### Source data ###
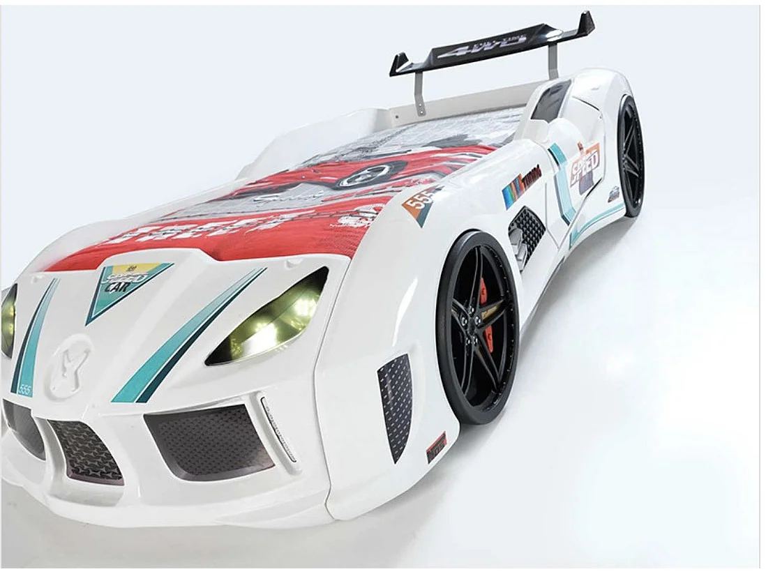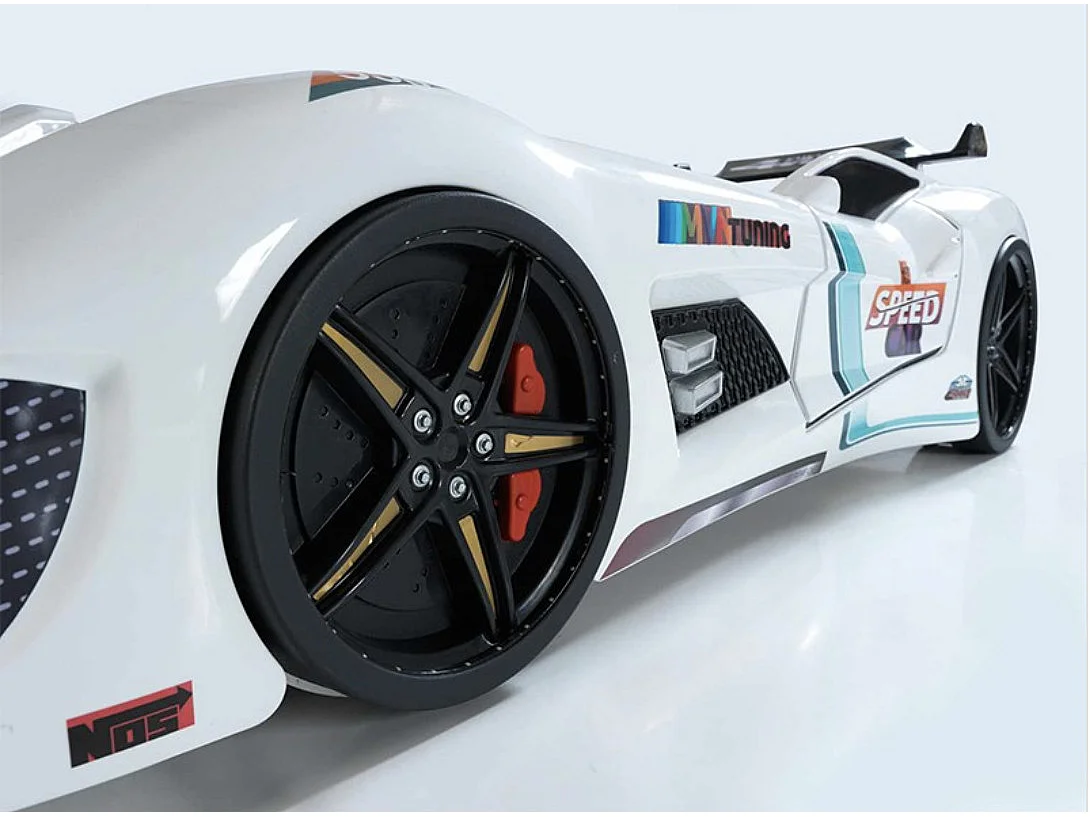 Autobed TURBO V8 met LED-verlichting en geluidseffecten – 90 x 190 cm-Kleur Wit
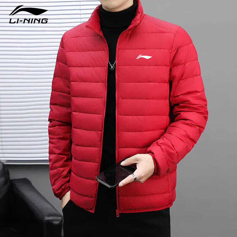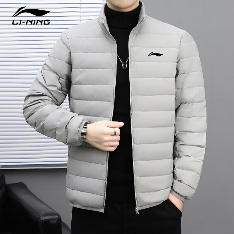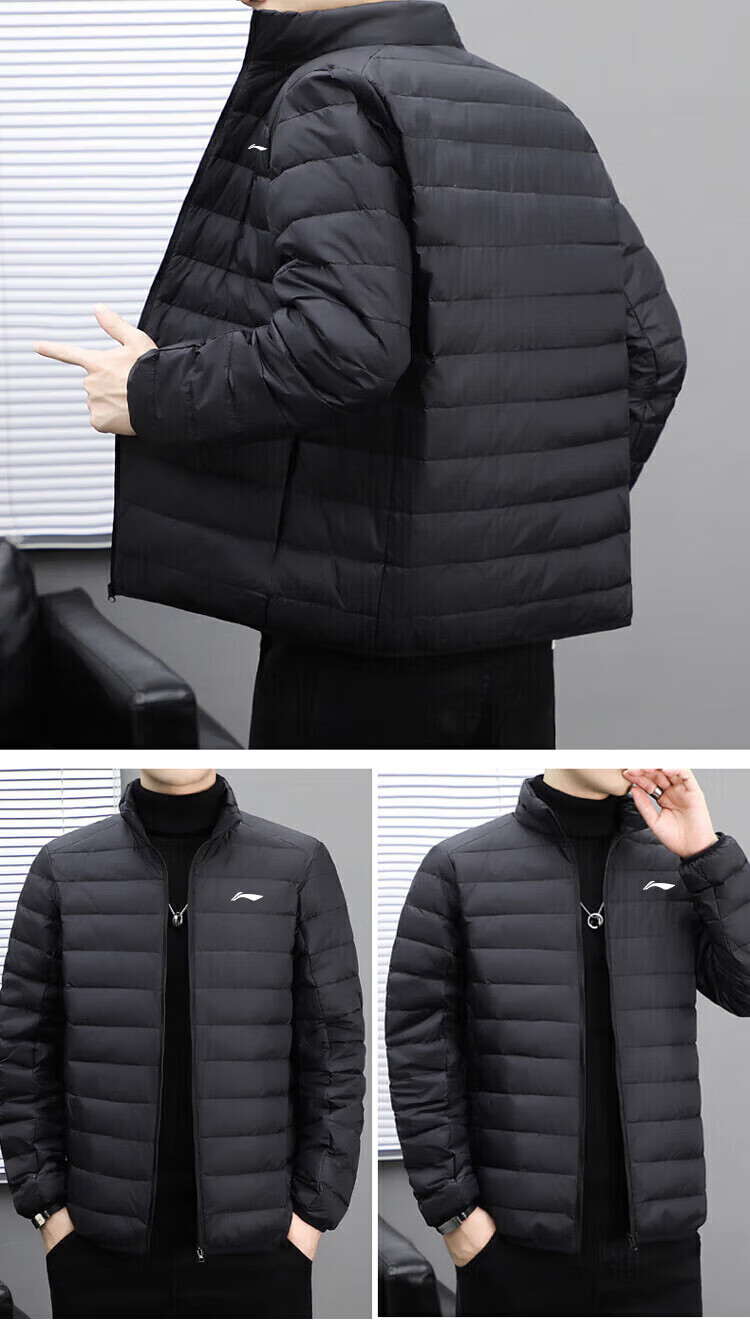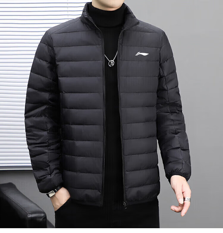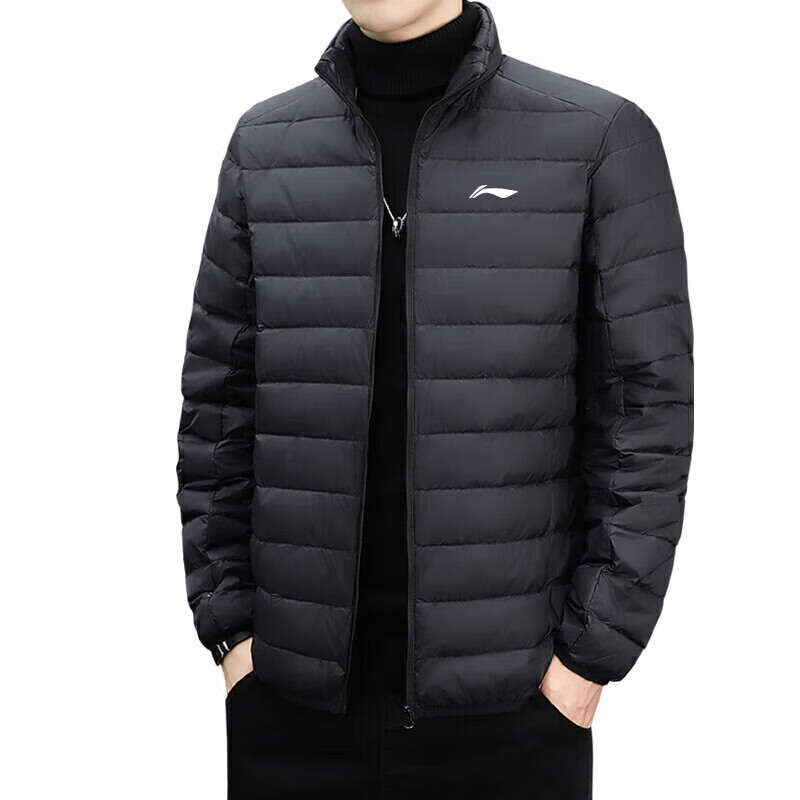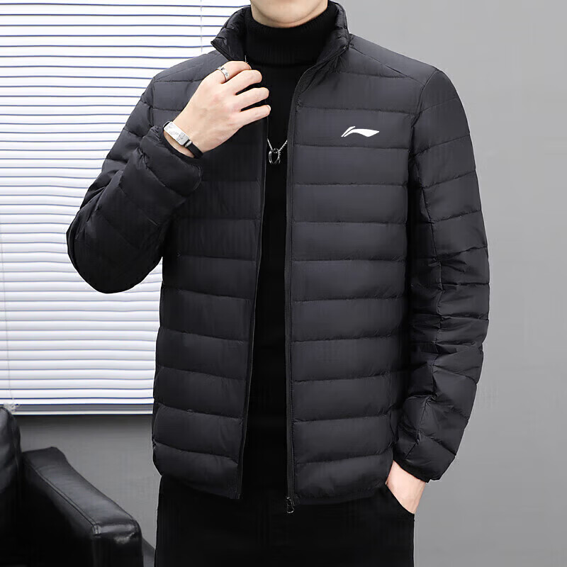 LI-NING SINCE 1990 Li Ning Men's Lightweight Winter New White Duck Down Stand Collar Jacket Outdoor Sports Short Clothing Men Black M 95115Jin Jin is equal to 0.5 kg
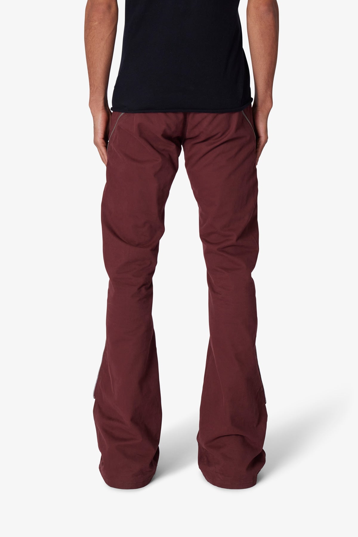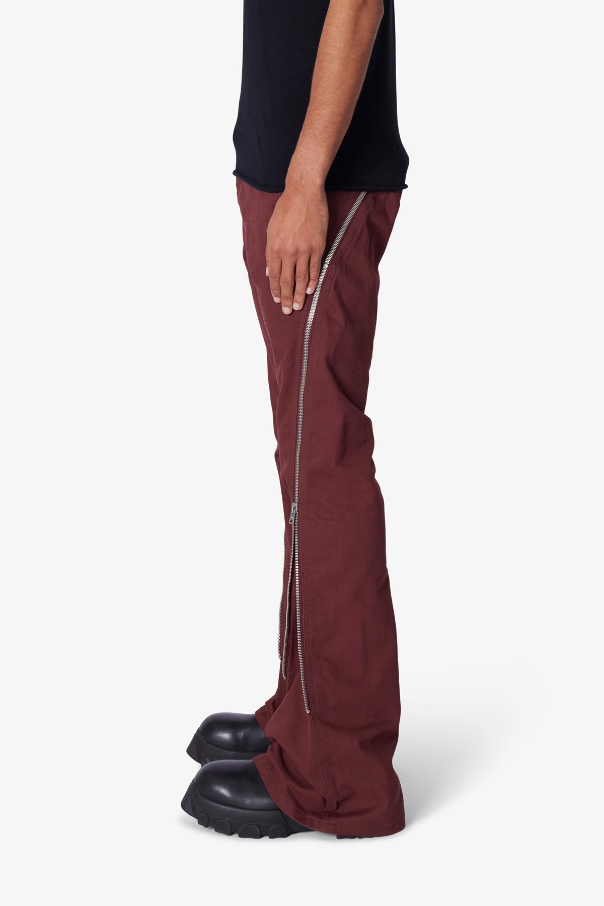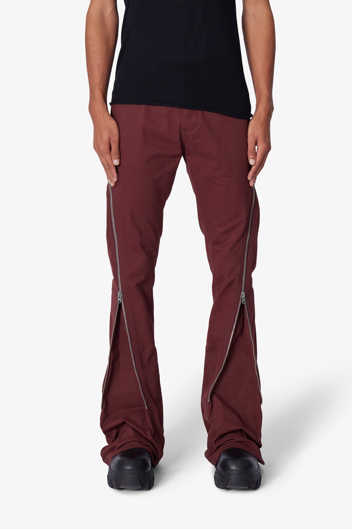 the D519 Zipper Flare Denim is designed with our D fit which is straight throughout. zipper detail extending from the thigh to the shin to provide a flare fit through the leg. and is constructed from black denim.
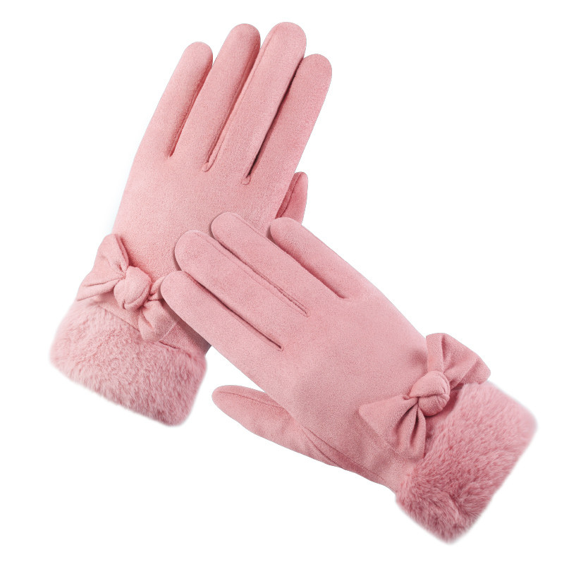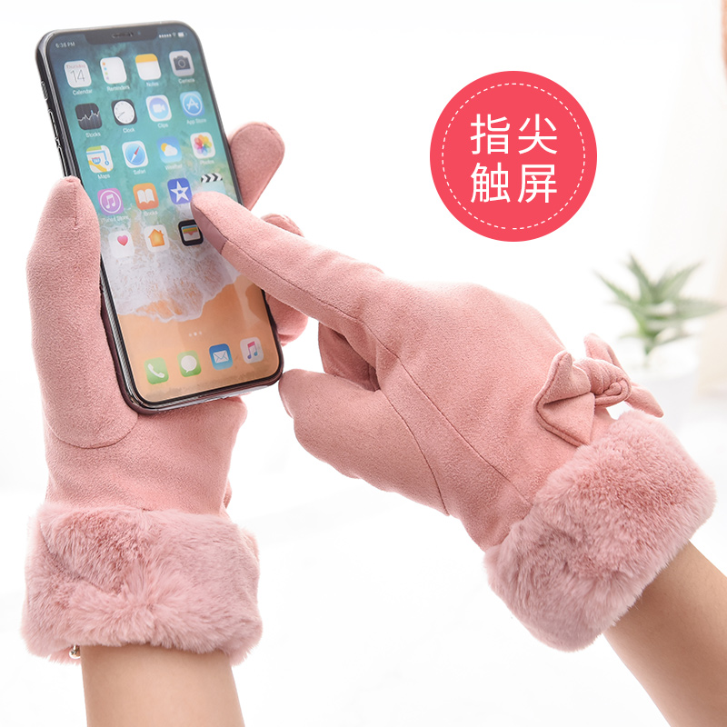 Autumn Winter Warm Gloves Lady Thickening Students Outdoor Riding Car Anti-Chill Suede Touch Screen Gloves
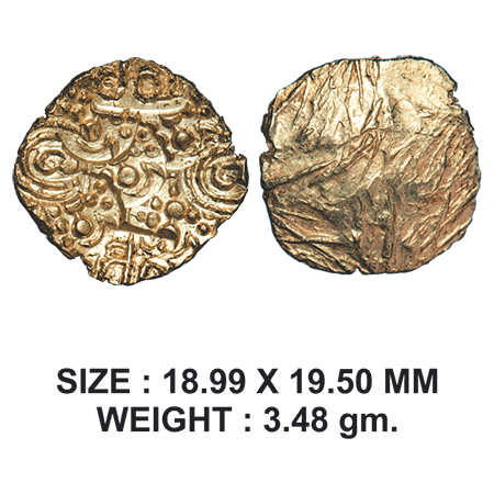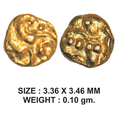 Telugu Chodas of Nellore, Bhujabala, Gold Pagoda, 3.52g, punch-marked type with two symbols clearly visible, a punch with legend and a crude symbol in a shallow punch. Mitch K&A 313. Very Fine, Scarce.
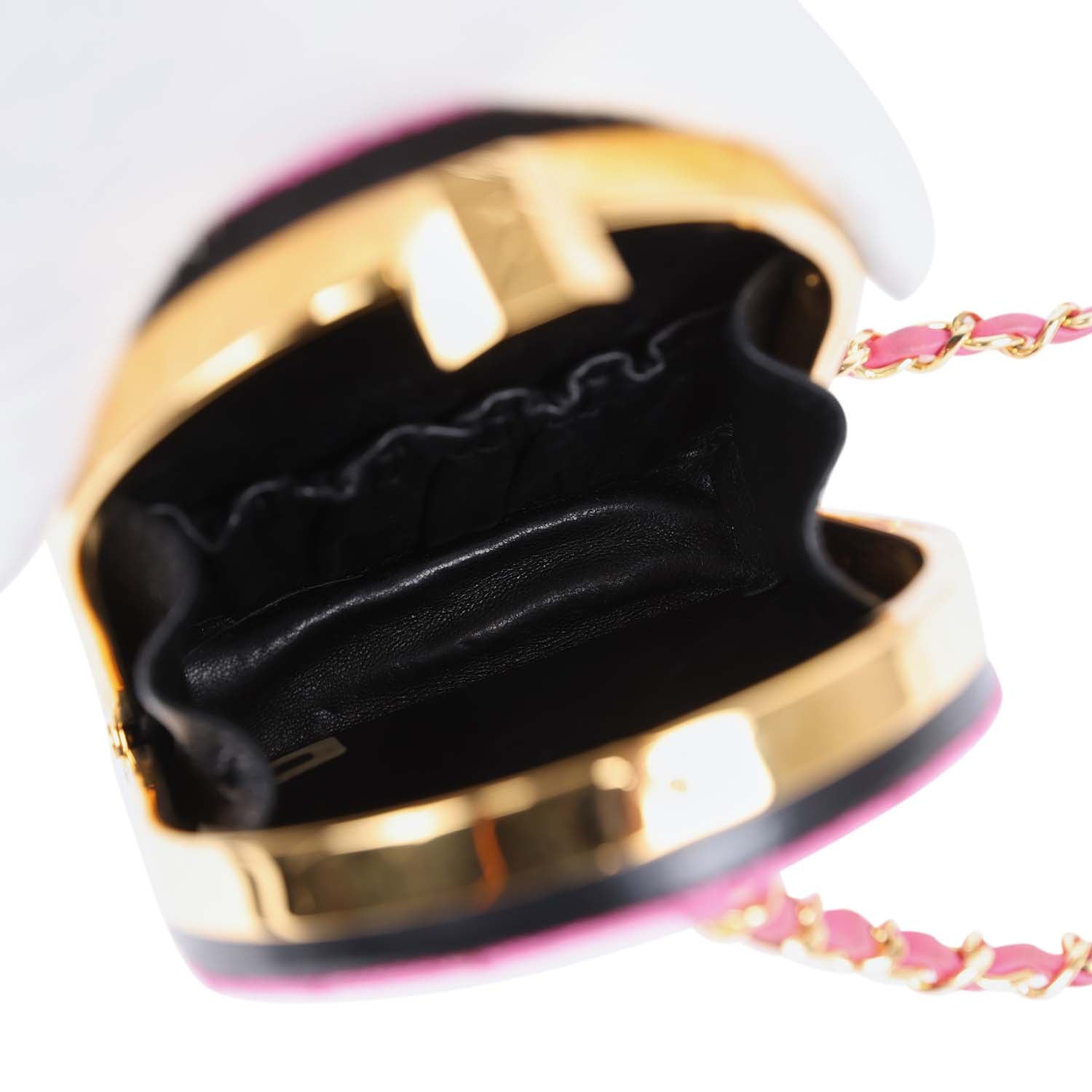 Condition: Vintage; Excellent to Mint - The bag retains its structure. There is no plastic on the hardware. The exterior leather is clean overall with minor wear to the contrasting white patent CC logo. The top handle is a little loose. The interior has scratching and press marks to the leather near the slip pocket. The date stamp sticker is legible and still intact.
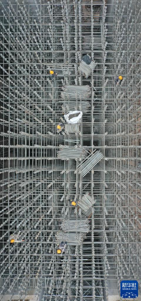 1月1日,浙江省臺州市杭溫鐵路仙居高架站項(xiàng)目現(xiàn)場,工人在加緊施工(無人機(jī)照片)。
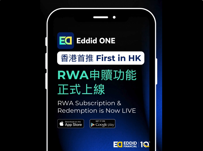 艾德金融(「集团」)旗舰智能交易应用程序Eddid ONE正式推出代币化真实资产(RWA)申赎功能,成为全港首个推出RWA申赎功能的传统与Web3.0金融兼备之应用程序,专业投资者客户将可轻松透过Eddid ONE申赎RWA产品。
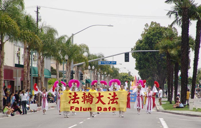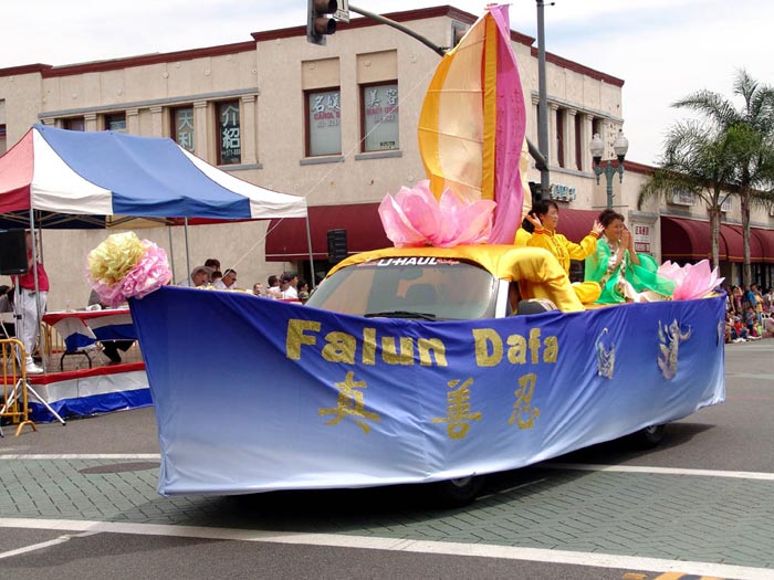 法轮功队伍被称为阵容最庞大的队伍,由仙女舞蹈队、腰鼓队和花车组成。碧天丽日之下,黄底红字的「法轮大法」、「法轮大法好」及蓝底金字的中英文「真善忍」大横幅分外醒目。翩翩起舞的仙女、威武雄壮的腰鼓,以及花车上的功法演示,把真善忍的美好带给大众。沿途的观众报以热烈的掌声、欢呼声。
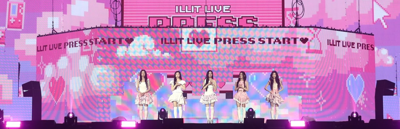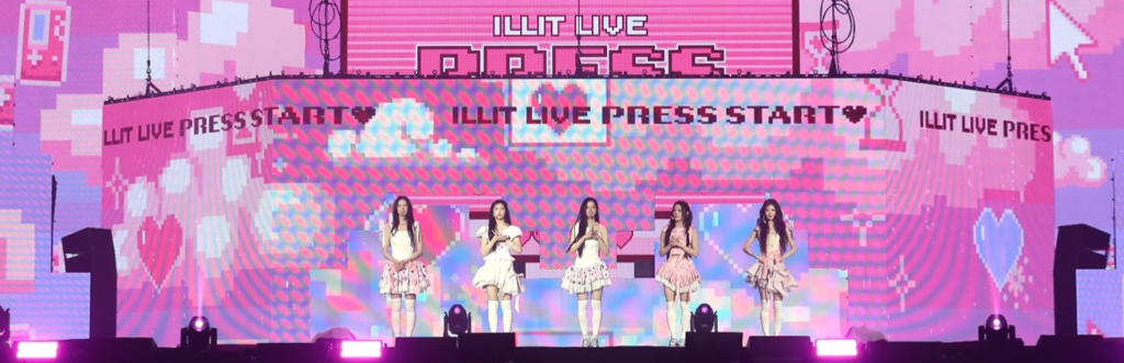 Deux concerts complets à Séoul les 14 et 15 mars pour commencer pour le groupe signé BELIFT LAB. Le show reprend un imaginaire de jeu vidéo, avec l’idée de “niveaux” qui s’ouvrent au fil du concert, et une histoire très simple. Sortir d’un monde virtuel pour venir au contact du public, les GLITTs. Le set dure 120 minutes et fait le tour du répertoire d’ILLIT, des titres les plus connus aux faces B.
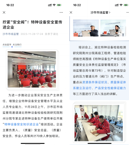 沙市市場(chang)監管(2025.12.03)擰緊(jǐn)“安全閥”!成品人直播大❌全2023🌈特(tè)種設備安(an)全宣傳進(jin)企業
###
▶ Try it
Everything in the entries above except the pictures should be given again exactly.

▶ Reply to the task
 Autobed TURBO V8 met LED-verlichting en geluidseffecten – 90 x 190 cm-Kleur Wit
 LI-NING SINCE 1990 Li Ning Men's Lightweight Winter New White Duck Down Stand Collar Jacket Outdoor Sports Short Clothing Men Black M 95115Jin Jin is equal to 0.5 kg
 the D519 Zipper Flare Denim is designed with our D fit which is straight throughout. zipper detail extending from the thigh to the shin to provide a flare fit through the leg. and is constructed from black denim.
 Autumn Winter Warm Gloves Lady Thickening Students Outdoor Riding Car Anti-Chill Suede Touch Screen Gloves
 Telugu Chodas of Nellore, Bhujabala, Gold Pagoda, 3.52g, punch-marked type with two symbols clearly visible, a punch with legend and a crude symbol in a shallow punch. Mitch K&A 313. Very Fine, Scarce.
 Condition: Vintage; Excellent to Mint - The bag retains its structure. There is no plastic on the hardware. The exterior leather is clean overall with minor wear to the contrasting white patent CC logo. The top handle is a little loose. The interior has scratching and press marks to the leather near the slip pocket. The date stamp sticker is legible and still intact.
 1月1日,浙江省臺州市杭溫鐵路仙居高架站項(xiàng)目現(xiàn)場,工人在加緊施工(無人機(jī)照片)。
 艾德金融(「集团」)旗舰智能交易应用程序Eddid ONE正式推出代币化真实资产(RWA)申赎功能,成为全港首个推出RWA申赎功能的传统与Web3.0金融兼备之应用程序,专业投资者客户将可轻松透过Eddid ONE申赎RWA产品。
 法轮功队伍被称为阵容最庞大的队伍,由仙女舞蹈队、腰鼓队和花车组成。碧天丽日之下,黄底红字的「法轮大法」、「法轮大法好」及蓝底金字的中英文「真善忍」大横幅分外醒目。翩翩起舞的仙女、威武雄壮的腰鼓,以及花车上的功法演示,把真善忍的美好带给大众。沿途的观众报以热烈的掌声、欢呼声。
 Deux concerts complets à Séoul les 14 et 15 mars pour commencer pour le groupe signé BELIFT LAB. Le show reprend un imaginaire de jeu vidéo, avec l’idée de “niveaux” qui s’ouvrent au fil du concert, et une histoire très simple. Sortir d’un monde virtuel pour venir au contact du public, les GLITTs. Le set dure 120 minutes et fait le tour du répertoire d’ILLIT, des titres les plus connus aux faces B.
 沙市市場(chang)監管(2025.12.03)擰緊(jǐn)“安全閥”!成品人直播大❌全2023🌈特(tè)種設備安(an)全宣傳進(jin)企業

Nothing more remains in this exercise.